Aż przyszedł niedzielny mecz w La Liga wygrany 2:1 z Deportivo Alaves, a odsyłany na emeryturę napastnik znalazł się w wyjściowym składzie Barcelony (za: eurosport.tvn24.pl):
„Z prawej strony piłkę dośrodkował Kounde, a Lewandowski kapitalnie do niej wyskoczył i dołożył głowę, nie dając najmniejszych szans bramkarzowi Alaves. Kapitan reprezentacji Polski w końcu mógł odetchnąć z ulgą - dla niego to szóste trafienie w lidze w tym sezonie, ale pierwsze od 23 września”.
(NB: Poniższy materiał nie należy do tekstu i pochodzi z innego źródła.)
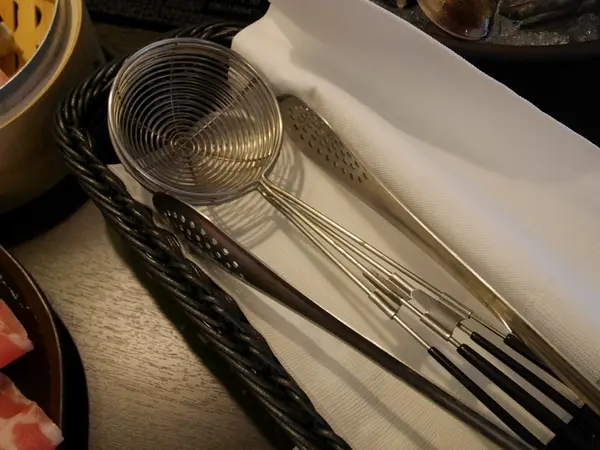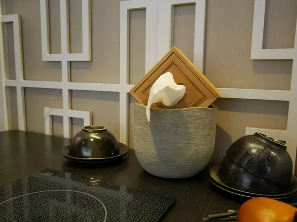 這邊的用餐器具還滿有質感的,中間的石頭桶子是垃圾筒哦!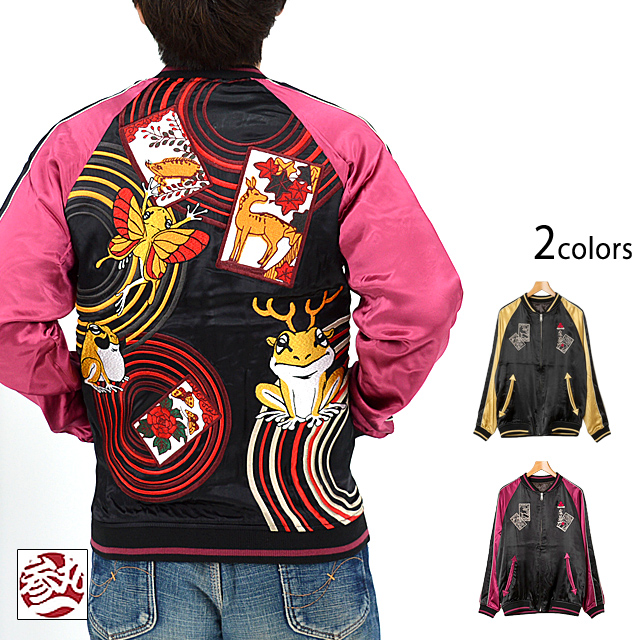 「参丸一」さんから「花札猪鹿蝶」総刺繍リバーシブルスカジャン(SM-30612)のご紹介です。 花札で遊んでいたら突然近くの蛙たちの様子が!? また、今回のスカジャンはリバーシブルになっています。 ボディーにはレーヨンサテンを採用。 1枚持っているだけでずっと使えるアイテムです。 | ||||||||||||||||||||
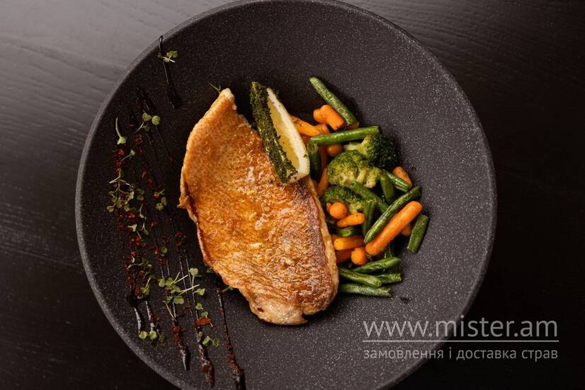 Морський окунь з овочами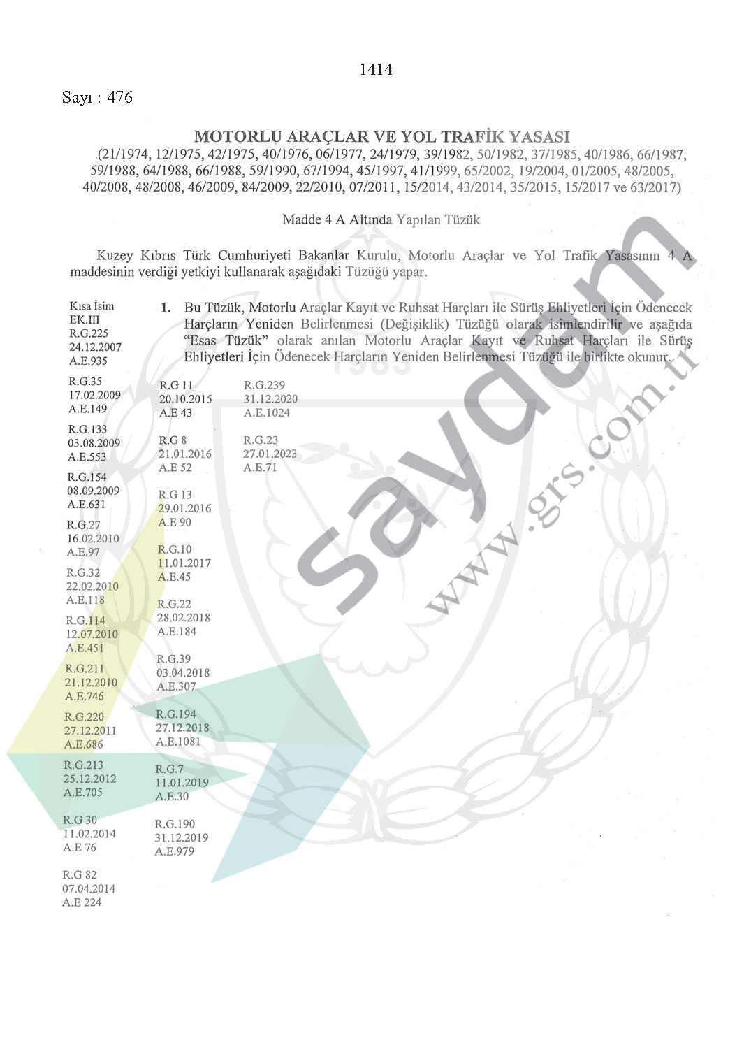 Kuzey Kıbrıs Türk Cumhuriyeti Bakanlar Kurulu, Motorlu Araçlar ve Yol Trafik Yasasının 4 A maddesinin verdiği yetkiyi kullanarak aşağıdaki Tüzüğü yapar.

Później zdobył jeszcze drugą bramkę z rzutu karnego, a takich nie pozwala się wykonywać piłkarzom idącym w odstawkę, więc wielu redaktorów tworzących intrygujące tezy na temat Lewandowskiego ma od niedzieli problem.
On sam chyba raczej problemu z tym nie ma. Tradycyjnie wziął w poniedziałek udział w pierwszej konferencji prasowej na zgrupowaniu reprezentacji przez jej dwoma listopadowymi meczami i tak odniósł się do wspomnianej kwestii:
„Wiadomo, sześć meczów... W jednym kontuzja, w drugim wszedłem z ławki po kontuzji. Wiadomo, to łatwo się czyta, łatwo się liczy, ale raczej ja do tego tak nie podchodziłem. Pewnie były okresy, gdzie jak minuty przeliczymy moje na boisku, to pewnie było podobnie, gdzie nie strzelałem bramki, też takie mecze się zdarzały, choć mniej meczów rozegrałem, ale więcej minut bez strzelonej bramki. Nie... Dla mnie to są statystyki, które nie mają wielkiego znaczenia”.
Ciekawe kiedy znów Lewandowski będzie odsyłany na emeryturę? Niedawno był na nią odsyłany także w reprezentacji. A jak to się dla niej skończyło po październikowych meczach, chyba wszyscy dobrze wiedzą.